## YOUR INSTRUCTIONS
Please transcribe only the lines that run from the line bearing "애플은 이 기간을 연장해달라고" to the end of the entries, keeping both end lines. Skip the pictures.

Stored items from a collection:
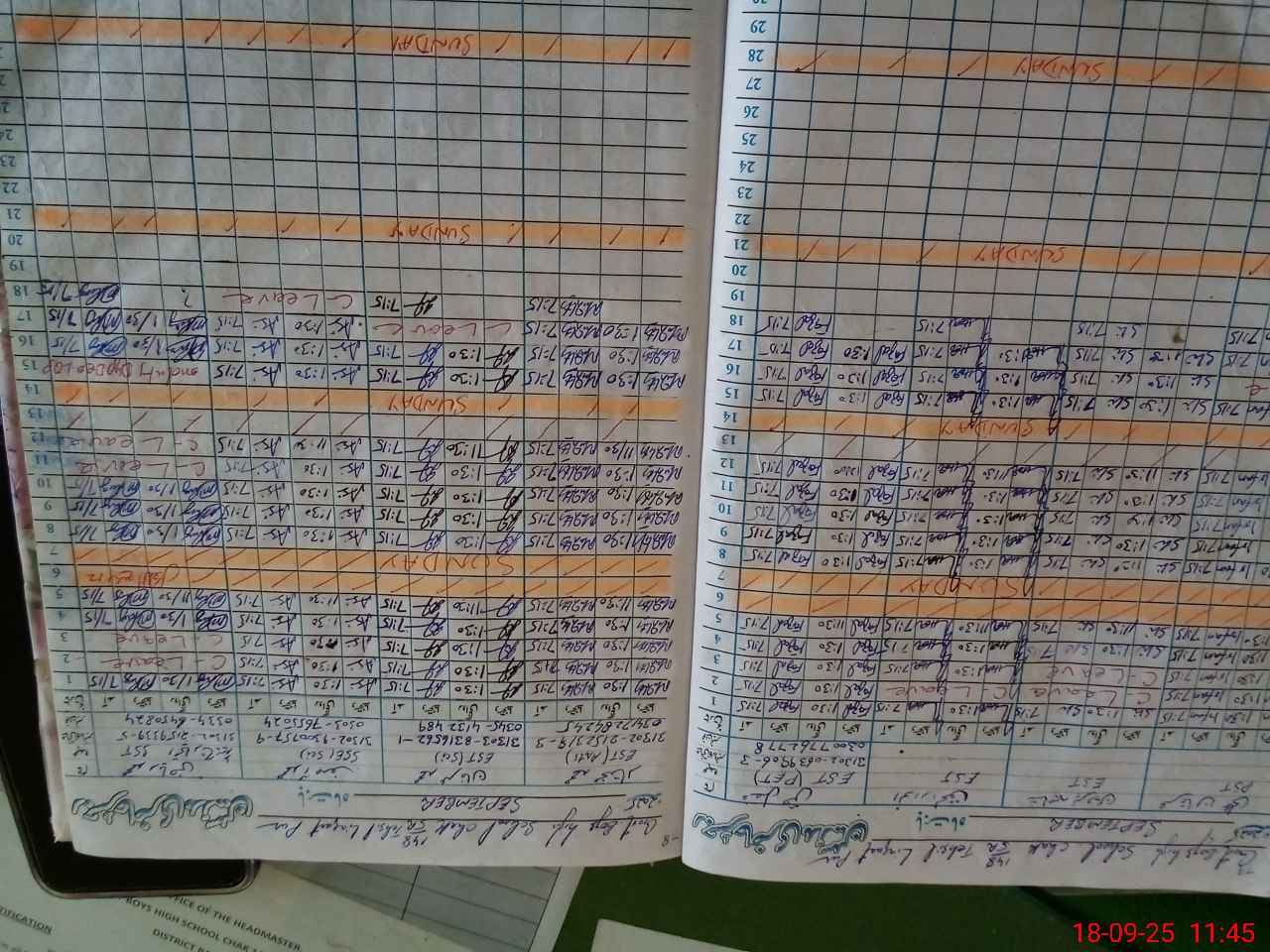 | No. of Students Present - Male | 15 | 0 | 17 | 14 | 13 | 17 | 30 | 18 | 21 | 30 | 18 | 14 | 18 | 225 | ||
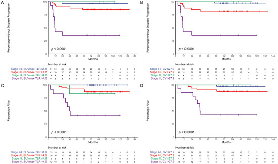 3.2. Prognostic Values of Clinical Parameters and Metabolic Parameters of F-18 FDG PET/CT
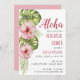 Auf der links Hälfte befindet sich ein Aquarell mit tropischen Blume und Blätter: Monstera und Palmen Blätter und rosa Hibiskus. Der Text ist rechts. Der Titel "Aloha", der Anlass "Probe Dinner" und die Namen sind in einem dunkelrosa ähnlich in Farbe mit den Hibiskus Blume, die Erholung in schwarz geschrieben. Der Titel ist in einer Handschrift Skript, die Erholung in Handbuchstaben (alle Kappen). Die tropischen Blätter und die Blume sind Aquarellfarben, die von laomao_art aus Pixabay gemalt wurden und für kommerzielle Nutzung frei sind.
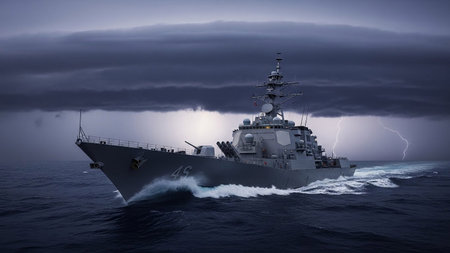 A powerful US Navy warship cuts through rough, dark ocean waters under a dramatic, stormy sky. Lightning strikes illuminate the scene, casting an intense glow on the vessel and the turbulent waves. The ship is depicted in motion, with water splashing around its hull, conveying a sense of power, speed, and the harsh realities of maritime operations in challenging weather conditions.
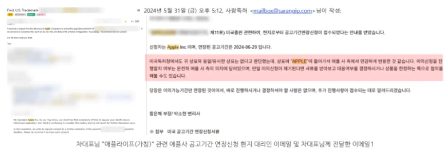 애플은 이 기간을 연장해달라고 요청한 것입니다. 이는 “당신의 상표가 마음에 들지 않으니, 이의신청을 준비하겠다”는 사실상의 선전포고나 다름없습니다. 만약 이에 제대로 대응하지 못하면, 막대한 소송 비용을 감당해야 하는 ‘이의신청’ 절차로 넘어가게 되고, 최악의 경우 상표 등록이 거절될 수 있는 위기 상황이었습니다.
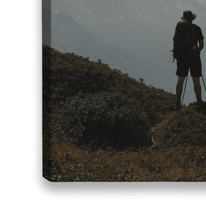 Over ‘Wandelaar kijkt uit over Mont Blanc gebergte’ van Evi Kuijpers
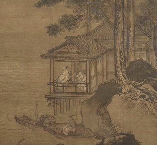 ▲灵感来源 南宋 马远《松阁观潮图》局部
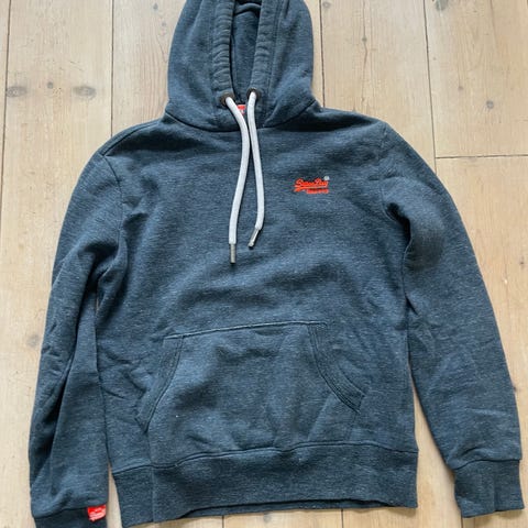 Superdry hettegenser for herre i størrelse M. Genseren er grå og laget i bomull. Den har hette med snøring, kengurulomme foran og ton-i-ton Superdry-logo på brystet. Passer til hverdagsbruk og fritidsaktiviteter.

## TASK SOLUTION
 애플은 이 기간을 연장해달라고 요청한 것입니다. 이는 “당신의 상표가 마음에 들지 않으니, 이의신청을 준비하겠다”는 사실상의 선전포고나 다름없습니다. 만약 이에 제대로 대응하지 못하면, 막대한 소송 비용을 감당해야 하는 ‘이의신청’ 절차로 넘어가게 되고, 최악의 경우 상표 등록이 거절될 수 있는 위기 상황이었습니다.
 Over ‘Wandelaar kijkt uit over Mont Blanc gebergte’ van Evi Kuijpers
 ▲灵感来源 南宋 马远《松阁观潮图》局部
 Superdry hettegenser for herre i størrelse M. Genseren er grå og laget i bomull. Den har hette med snøring, kengurulomme foran og ton-i-ton Superdry-logo på brystet. Passer til hverdagsbruk og fritidsaktiviteter.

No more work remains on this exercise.